В воскресенье, тридцать первого марта, был канун моего суда. Завтра я встану лицом к лицу с обвинителями. В то утро я открыла дверь Грете, донельзя расстроенной. Она съездила домой в надежде повидаться с сыном, но рядом с Вилли оказался Шпрунт, который учил мальчика играть в карты. В кункен[105].
– Мой сын со мной не разговаривайт, – простонала Грета, дыша перегаром. – Он уже играйт в азартные игры. Он називайт меня eine dumme Frau, как Шпрунт, унд…
– Отшлепать, – высказалась я. – И оставить без обеда.
– Он зовет его «папа»! А меня, ротную мать, презирайт.
– А теперь послушай меня, дурочка! Мальчику нужен отец, а Шпрунт пока заменяет его. Просто скажи Вилли, чтобы пришел к нам. Ко мне и к дяде Чарли.
– Вообше-то, – сморщилась Грета, – Шпрунт менья бросиль.

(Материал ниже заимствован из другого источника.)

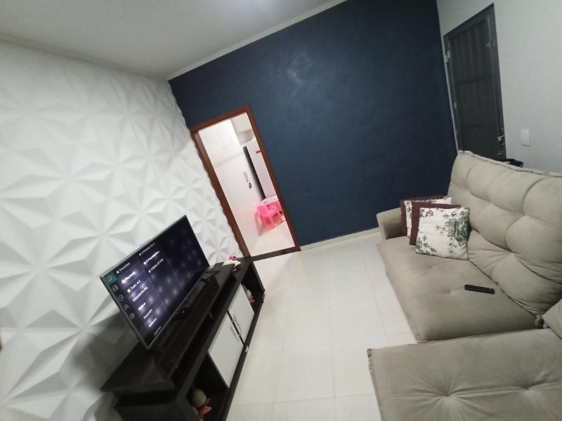 A casa possui: três dormitórios sendo uma suíte, sala, cozinha, banheiro, área de serviço e garagem para dois carros.
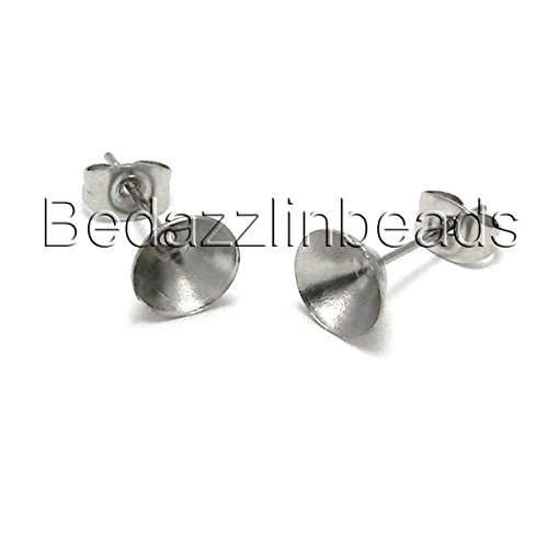 20 Hypo-Allergenic 304 Grade Stainless Surgical Steel Cup Setting Earring Findings (8mm Cup)

Что ж, вот и хорошая новость. Только до Греты она пока не дошла. Она пребывала ныне в особенно мрачном настроении, на уговоры не поддавалась, а бесчисленные рюмочки, выпитые за день, ее покладистости не способствовали. Мне бы обратить внимание на ее настроение, но у меня и своих печалей хватало. Последний день я хотела провести с Аннабелль. С дочерью и Чарли мы поехали в парк, легкий весенний морозец покусывал за щеки, но нам было тепло под горностаевой накидкой. Возьму-ка я ее в тюрьму. И мою маленькую семью прихвачу.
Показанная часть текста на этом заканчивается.